Data shown:
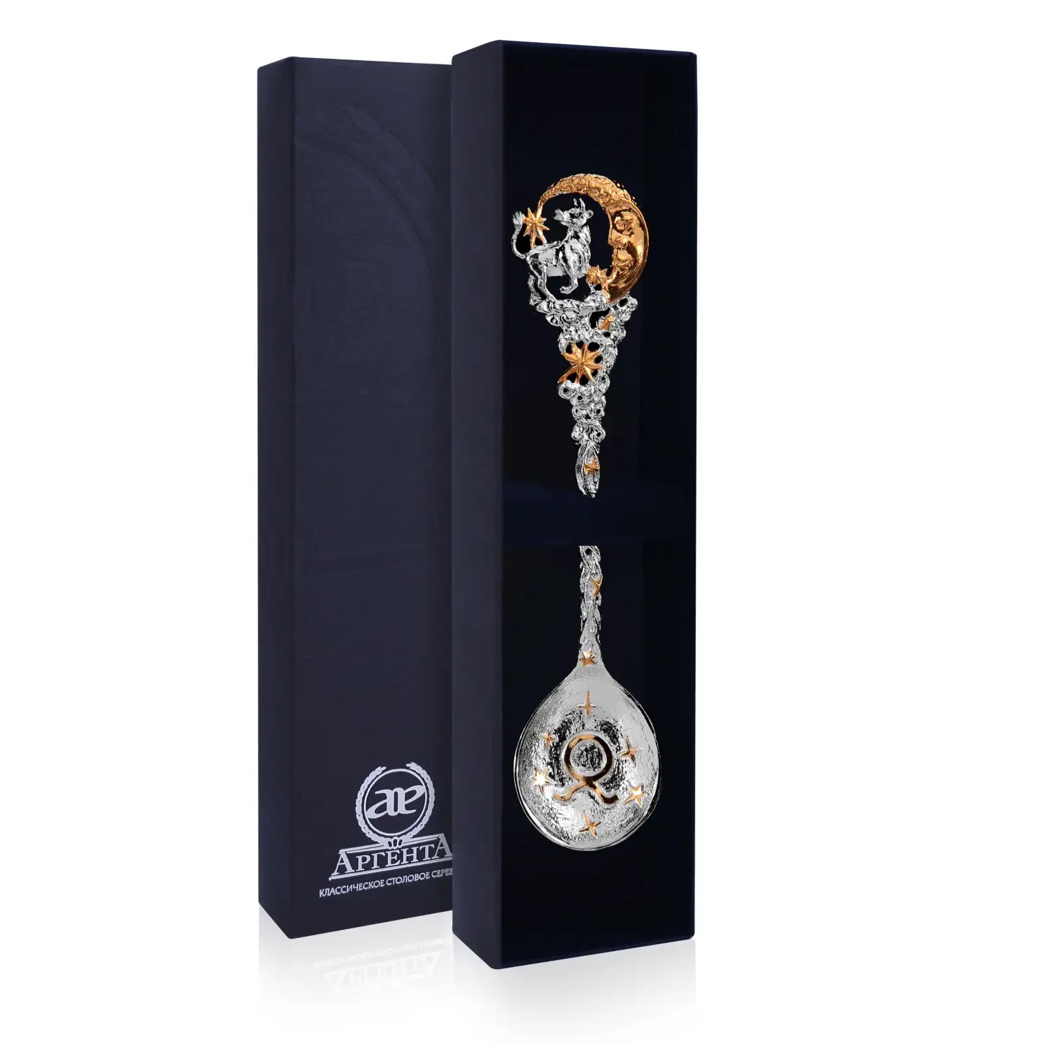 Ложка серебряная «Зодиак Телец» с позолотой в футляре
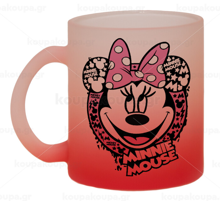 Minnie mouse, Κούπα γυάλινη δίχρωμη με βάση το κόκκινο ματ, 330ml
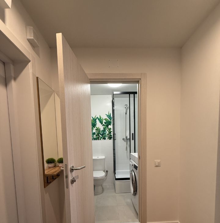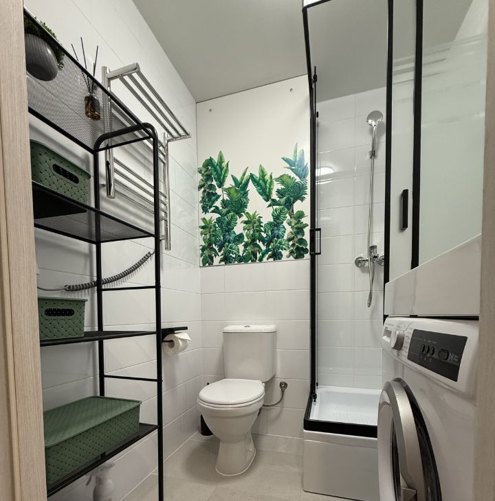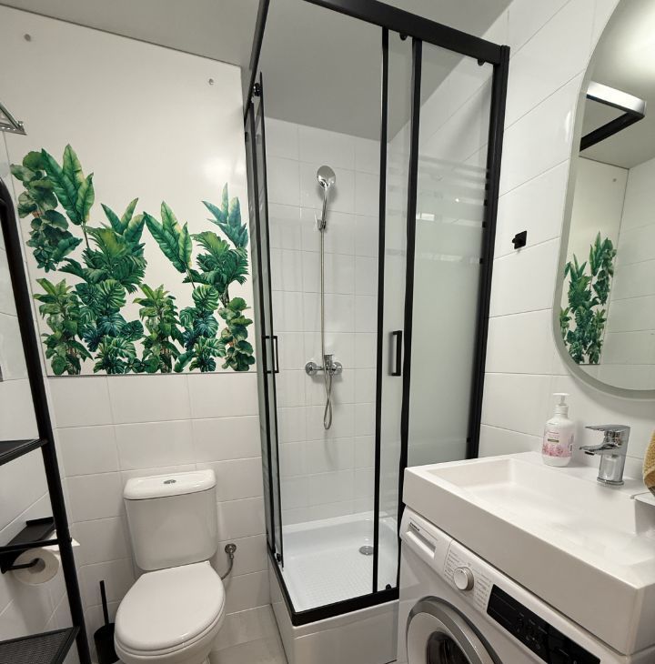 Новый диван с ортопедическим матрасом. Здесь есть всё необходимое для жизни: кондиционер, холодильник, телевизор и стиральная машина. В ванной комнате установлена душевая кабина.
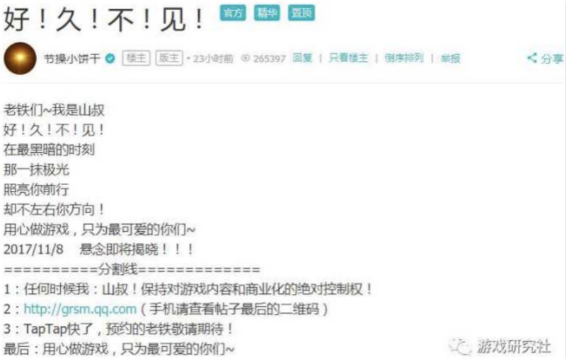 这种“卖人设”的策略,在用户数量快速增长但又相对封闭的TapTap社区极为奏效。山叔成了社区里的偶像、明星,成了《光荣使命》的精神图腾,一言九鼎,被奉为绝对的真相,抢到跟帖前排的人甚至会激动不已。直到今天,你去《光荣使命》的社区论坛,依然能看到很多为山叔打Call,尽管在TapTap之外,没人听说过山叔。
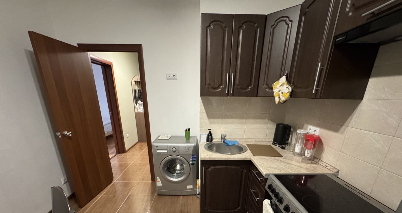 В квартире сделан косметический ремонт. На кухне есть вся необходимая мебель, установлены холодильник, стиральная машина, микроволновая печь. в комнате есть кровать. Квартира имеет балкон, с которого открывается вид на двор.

Task details: Your answer must be the lines from the one holding "Новый диван с" through the final line of the records above, exactly as written and without any pictures.

Solution:
 Новый диван с ортопедическим матрасом. Здесь есть всё необходимое для жизни: кондиционер, холодильник, телевизор и стиральная машина. В ванной комнате установлена душевая кабина.
 这种“卖人设”的策略,在用户数量快速增长但又相对封闭的TapTap社区极为奏效。山叔成了社区里的偶像、明星,成了《光荣使命》的精神图腾,一言九鼎,被奉为绝对的真相,抢到跟帖前排的人甚至会激动不已。直到今天,你去《光荣使命》的社区论坛,依然能看到很多为山叔打Call,尽管在TapTap之外,没人听说过山叔。
 В квартире сделан косметический ремонт. На кухне есть вся необходимая мебель, установлены холодильник, стиральная машина, микроволновая печь. в комнате есть кровать. Квартира имеет балкон, с которого открывается вид на двор.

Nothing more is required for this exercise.